Extracted information START
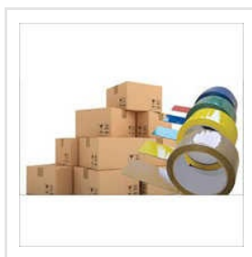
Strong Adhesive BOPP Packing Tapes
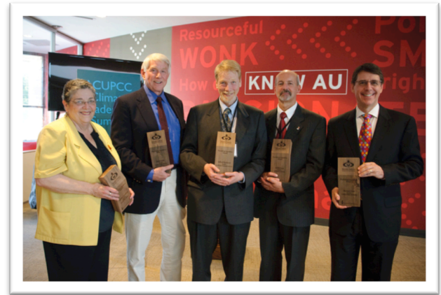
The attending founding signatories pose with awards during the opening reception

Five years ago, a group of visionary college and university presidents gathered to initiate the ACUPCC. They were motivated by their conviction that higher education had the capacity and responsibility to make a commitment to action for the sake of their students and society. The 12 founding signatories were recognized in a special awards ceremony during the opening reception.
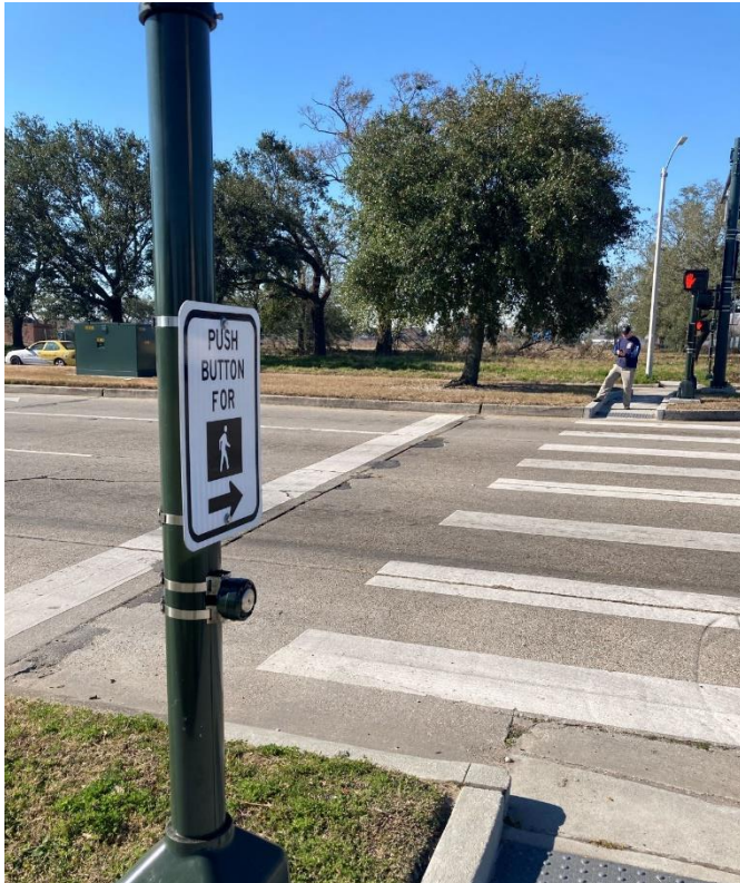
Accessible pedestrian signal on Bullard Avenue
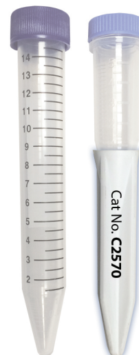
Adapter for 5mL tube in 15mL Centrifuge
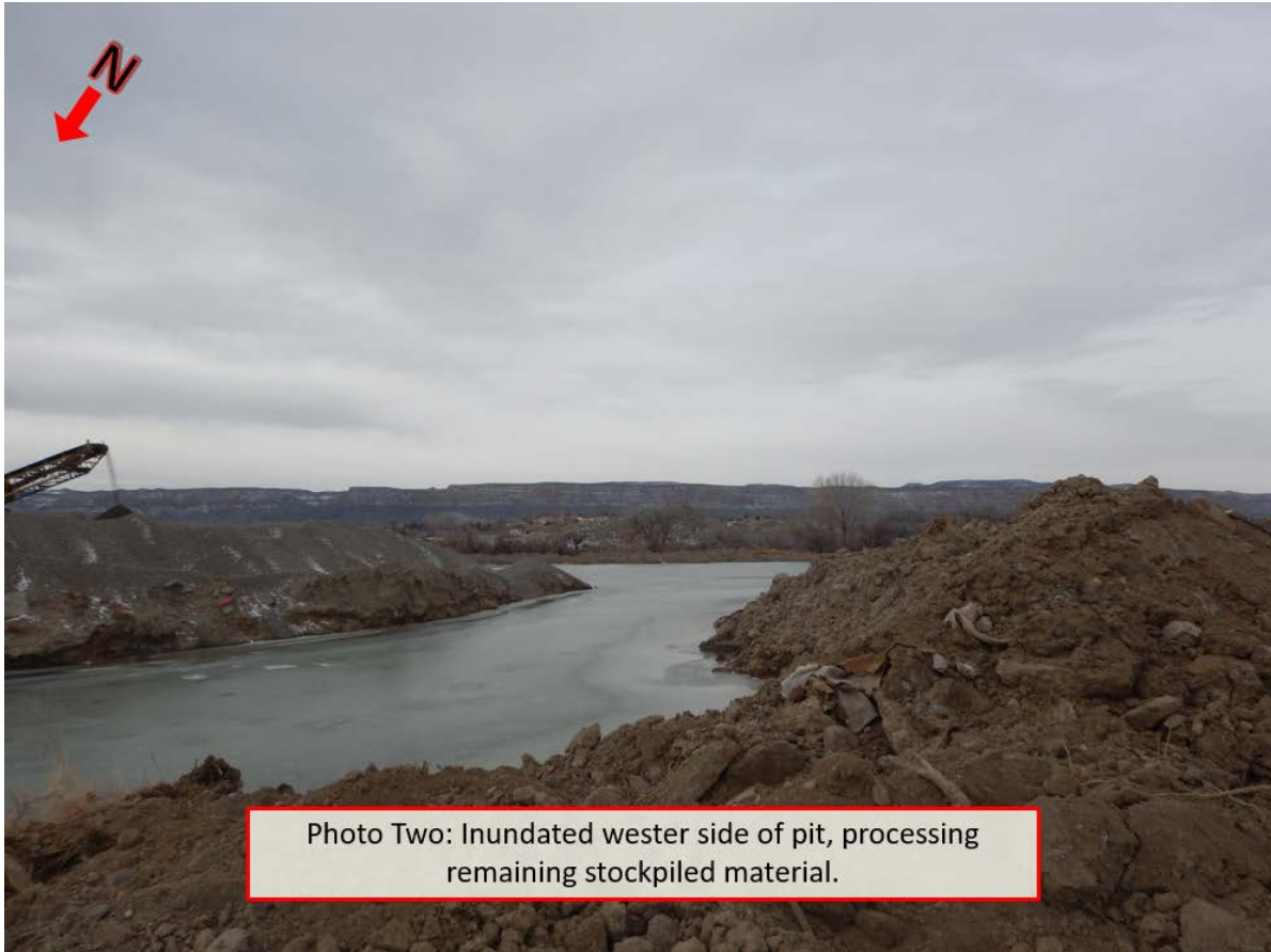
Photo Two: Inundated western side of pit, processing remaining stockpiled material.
Extracted information END
The answer must consist of every line in the records above that contains the word "opening".

- Answer to this problem -
The attending founding signatories pose with awards during the opening reception
Five years ago, a group of visionary college and university presidents gathered to initiate the ACUPCC. They were motivated by their conviction that higher education had the capacity and responsibility to make a commitment to action for the sake of their students and society. The 12 founding signatories were recognized in a special awards ceremony during the opening reception.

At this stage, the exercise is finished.